# Task statement
In the records that follow, find the line containing "- a package" and the line containing "郑商所:经研究决定,自202", then transcribe both and every line between them exactly, omitting pictures.

# Listed records
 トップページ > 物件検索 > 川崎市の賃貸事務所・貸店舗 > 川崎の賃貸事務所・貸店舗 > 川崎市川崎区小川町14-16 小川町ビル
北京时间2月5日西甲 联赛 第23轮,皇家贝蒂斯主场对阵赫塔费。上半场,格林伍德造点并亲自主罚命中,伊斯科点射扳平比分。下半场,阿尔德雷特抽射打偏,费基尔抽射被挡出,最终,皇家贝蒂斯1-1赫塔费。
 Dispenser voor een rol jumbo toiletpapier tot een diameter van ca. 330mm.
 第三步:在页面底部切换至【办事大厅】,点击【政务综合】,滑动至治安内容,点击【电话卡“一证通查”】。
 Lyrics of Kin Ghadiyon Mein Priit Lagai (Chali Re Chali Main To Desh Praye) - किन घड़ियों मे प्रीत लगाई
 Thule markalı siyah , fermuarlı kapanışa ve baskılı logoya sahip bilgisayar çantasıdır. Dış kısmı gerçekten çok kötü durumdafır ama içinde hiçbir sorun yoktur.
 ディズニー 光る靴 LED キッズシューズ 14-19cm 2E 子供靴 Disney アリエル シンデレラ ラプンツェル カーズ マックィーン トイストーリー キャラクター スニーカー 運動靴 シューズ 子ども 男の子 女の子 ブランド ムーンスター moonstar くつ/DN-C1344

==

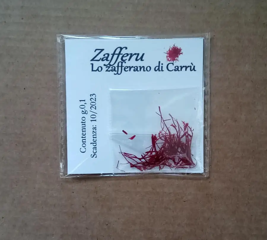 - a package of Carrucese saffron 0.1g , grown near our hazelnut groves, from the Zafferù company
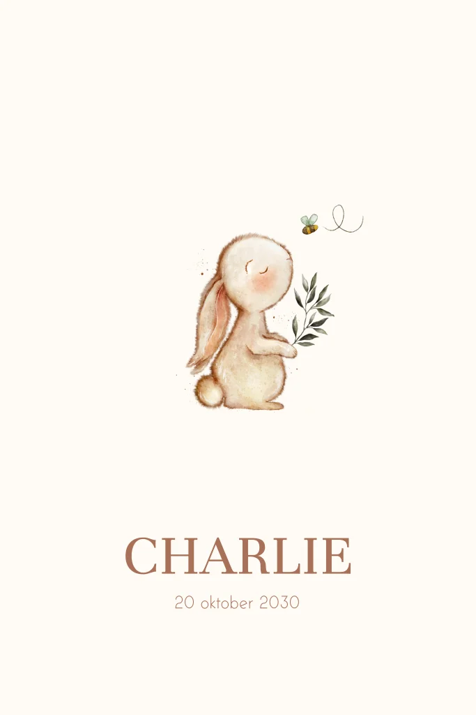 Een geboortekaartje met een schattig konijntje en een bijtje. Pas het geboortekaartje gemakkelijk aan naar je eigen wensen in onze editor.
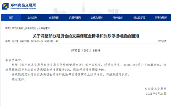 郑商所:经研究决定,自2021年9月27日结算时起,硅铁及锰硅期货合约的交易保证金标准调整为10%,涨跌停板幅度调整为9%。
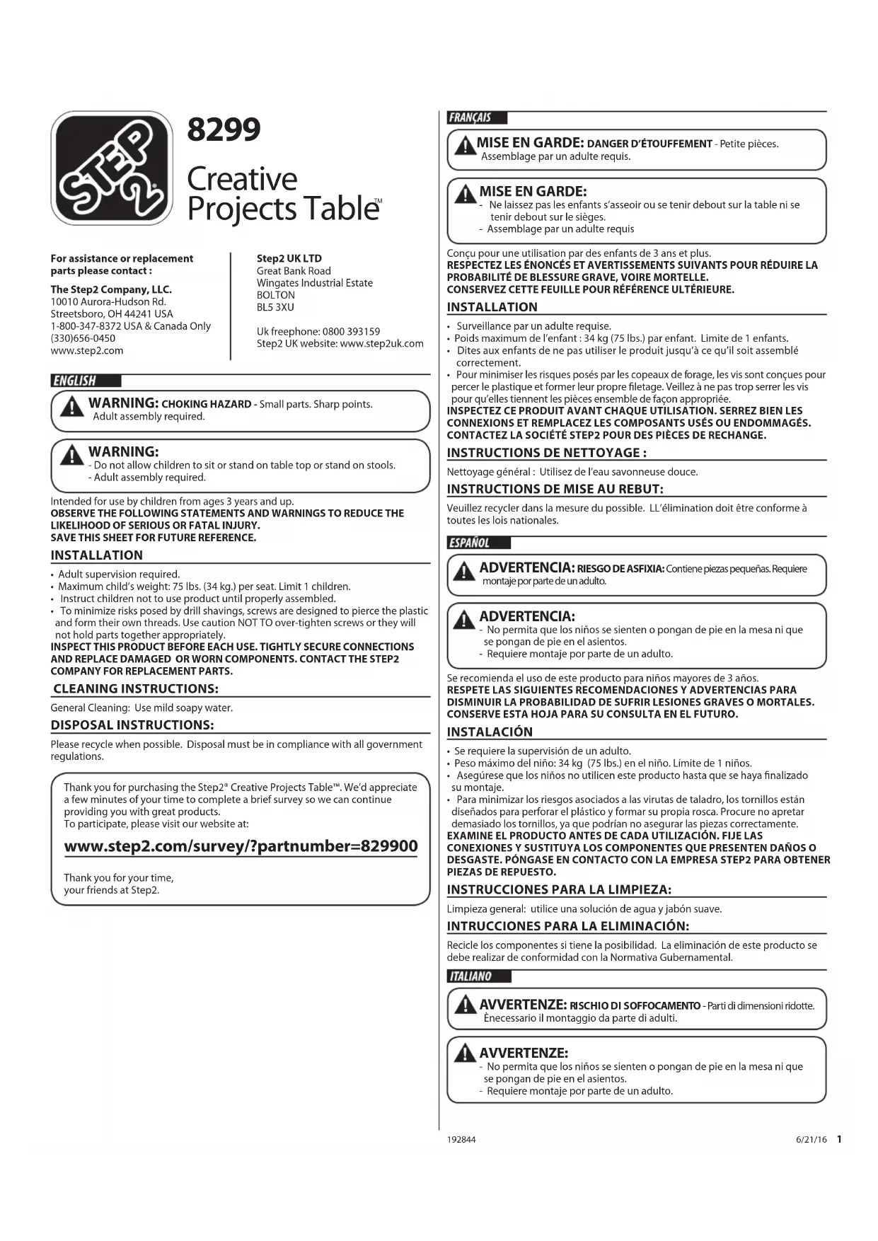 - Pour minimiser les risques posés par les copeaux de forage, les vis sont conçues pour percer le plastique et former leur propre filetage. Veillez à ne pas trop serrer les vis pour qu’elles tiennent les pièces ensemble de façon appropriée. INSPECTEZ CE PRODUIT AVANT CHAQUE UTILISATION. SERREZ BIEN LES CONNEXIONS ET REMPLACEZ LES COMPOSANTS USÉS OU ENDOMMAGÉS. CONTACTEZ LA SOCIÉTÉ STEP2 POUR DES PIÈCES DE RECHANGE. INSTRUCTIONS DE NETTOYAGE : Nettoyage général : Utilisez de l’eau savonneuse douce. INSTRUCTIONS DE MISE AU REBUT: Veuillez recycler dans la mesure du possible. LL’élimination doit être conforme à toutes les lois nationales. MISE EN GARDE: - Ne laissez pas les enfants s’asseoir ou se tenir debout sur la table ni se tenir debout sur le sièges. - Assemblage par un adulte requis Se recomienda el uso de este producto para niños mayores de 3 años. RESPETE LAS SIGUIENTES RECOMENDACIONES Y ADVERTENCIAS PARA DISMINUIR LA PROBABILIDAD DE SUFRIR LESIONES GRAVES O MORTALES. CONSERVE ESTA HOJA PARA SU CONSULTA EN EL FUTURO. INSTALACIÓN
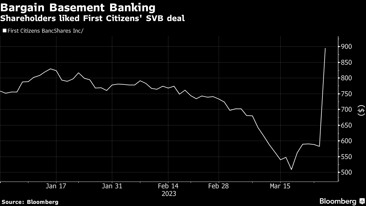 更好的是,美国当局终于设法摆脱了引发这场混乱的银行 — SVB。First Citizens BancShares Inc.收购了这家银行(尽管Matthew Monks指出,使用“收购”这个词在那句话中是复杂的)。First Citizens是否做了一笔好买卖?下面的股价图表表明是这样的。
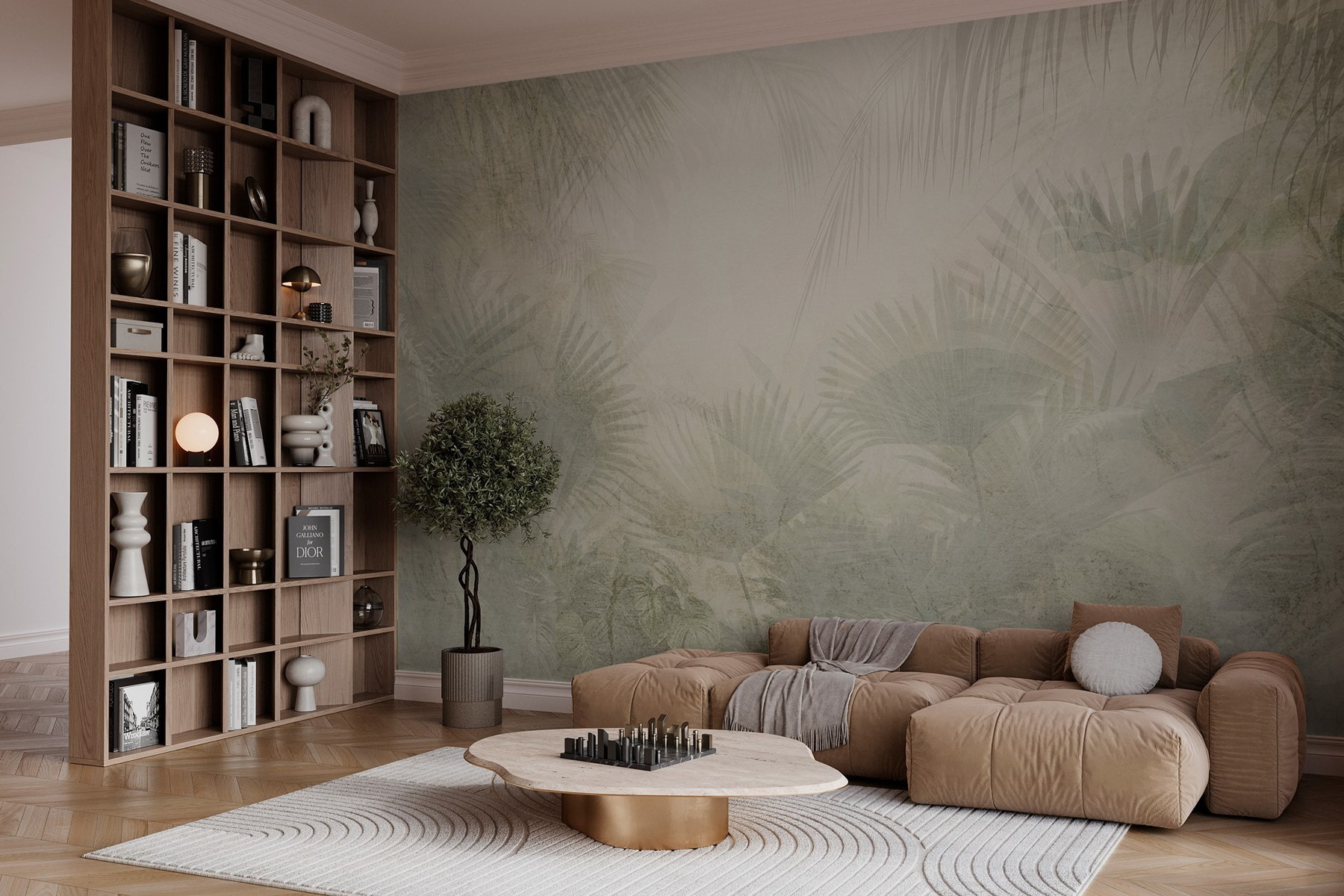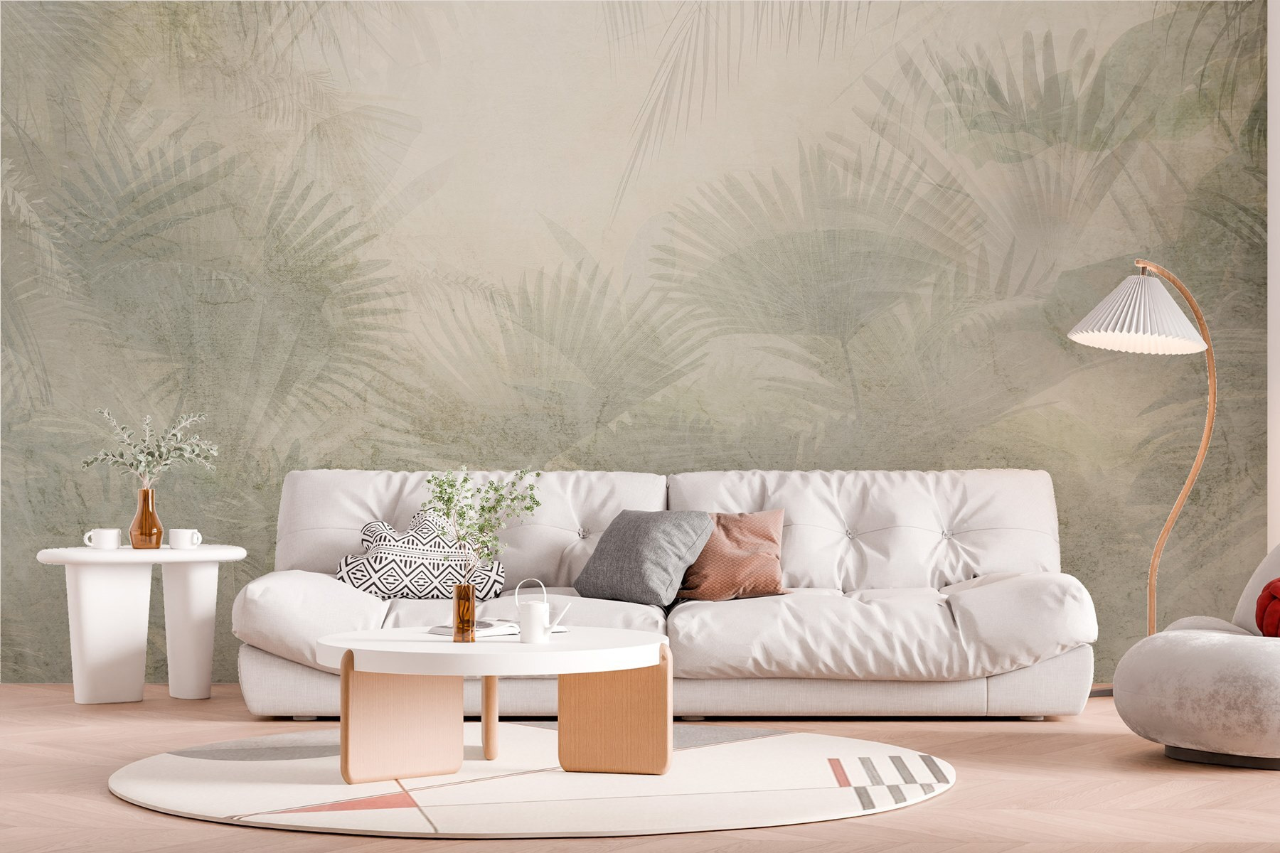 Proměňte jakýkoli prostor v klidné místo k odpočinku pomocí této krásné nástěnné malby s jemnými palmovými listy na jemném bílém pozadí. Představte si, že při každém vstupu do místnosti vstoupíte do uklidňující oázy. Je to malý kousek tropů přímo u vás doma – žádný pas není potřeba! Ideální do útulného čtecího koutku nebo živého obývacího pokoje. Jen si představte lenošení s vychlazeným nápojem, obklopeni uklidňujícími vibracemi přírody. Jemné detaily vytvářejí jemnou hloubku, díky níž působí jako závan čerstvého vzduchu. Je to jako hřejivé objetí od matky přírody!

# Answer box
 - a package of Carrucese saffron 0.1g , grown near our hazelnut groves, from the Zafferù company
 Een geboortekaartje met een schattig konijntje en een bijtje. Pas het geboortekaartje gemakkelijk aan naar je eigen wensen in onze editor.
 郑商所:经研究决定,自2021年9月27日结算时起,硅铁及锰硅期货合约的交易保证金标准调整为10%,涨跌停板幅度调整为9%。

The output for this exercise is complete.